So it really pains me that the nuclear industry is able to summon up his pro-nuclear advocacy as one of the strongest shots in their rapidly emptying locker. And even though he is still out there as the man who ‘fell in love’ with nuclear power at the time of the Fukushima disaster, I can’t help but notice that he may be having second thoughts.

The headline for his Guardian article on October 22 was a simple one: “The Farce of Hinkley C will Haunt Britain for Decades”.

It turns out that even George Monbiot is opposed to the Government’s plans to build two new nuclear reactors at Hinkley Point in Somerset. That won’t exactly have EDF quaking in their lead-lined boots, but it must piss them off just a little.

It’s worth analysing this change of heart in a more detail, based on that article. And whilst keen to avoid any hint of ‘told you so’, it may be helpful to compare his newly-minted objections to Hinkley Point with the letter that myself, Tom Burke, Tony Juniper and Charles Secrett (as former Directors of Friends of the Earth) wrote to the Prime Minister back in March 2012

1. The Overall Cost

GM: “We should not accept nuclear power at any cost. And at Hinkley Point, the cost is too high.”

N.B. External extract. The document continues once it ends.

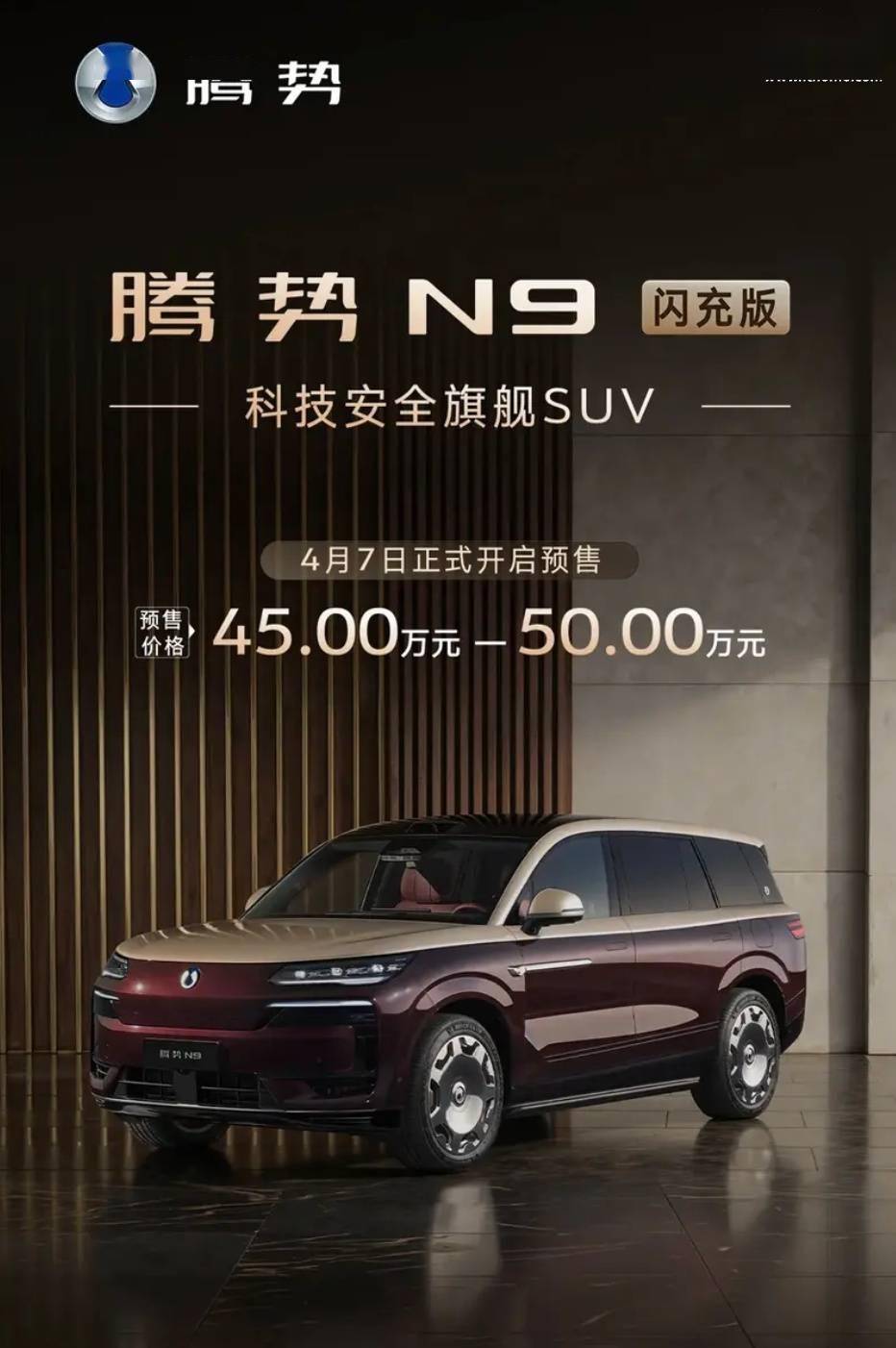 比亞迪旗下高端品牌騰勢近日宣布,其全新N9閃充版正式開啟預售,預售價區間為45萬元至50萬元。這款中大型SUV以第二代刀片電池為核心賣點,CLTC工況下純電續航里程達420公里,并配備行業領先的閃充技術,宣稱可實現"5分鐘快速補能、9分鐘完全充滿"的高效充電體驗。

While George was weighing up in his mind some time ago whether to go with nuclear or not, he apparently reviewed all the available cost estimates for nuclear – and not one of them was as high as it now seems that the cost of Hinkley Point will be. George is apparently very surprised at this. No-one else is.

So how high is ‘too high’ for George? You might enjoy extracts of the preliminary analysis of the Hinkley Point deal carried out by City experts, Liberum Capital: 

“As far as we can see, at £8bn per reactor, this makes Hinkley Point the most expensive power station in the world (excluding hydro schemes) on a per MW basis. By way of contrast, for the cost of £16bn for the 3,200 MW to be built, the UK could build 27,000 MW of new gas-fired power stations, solving the ‘energy crunch’ for a generation.”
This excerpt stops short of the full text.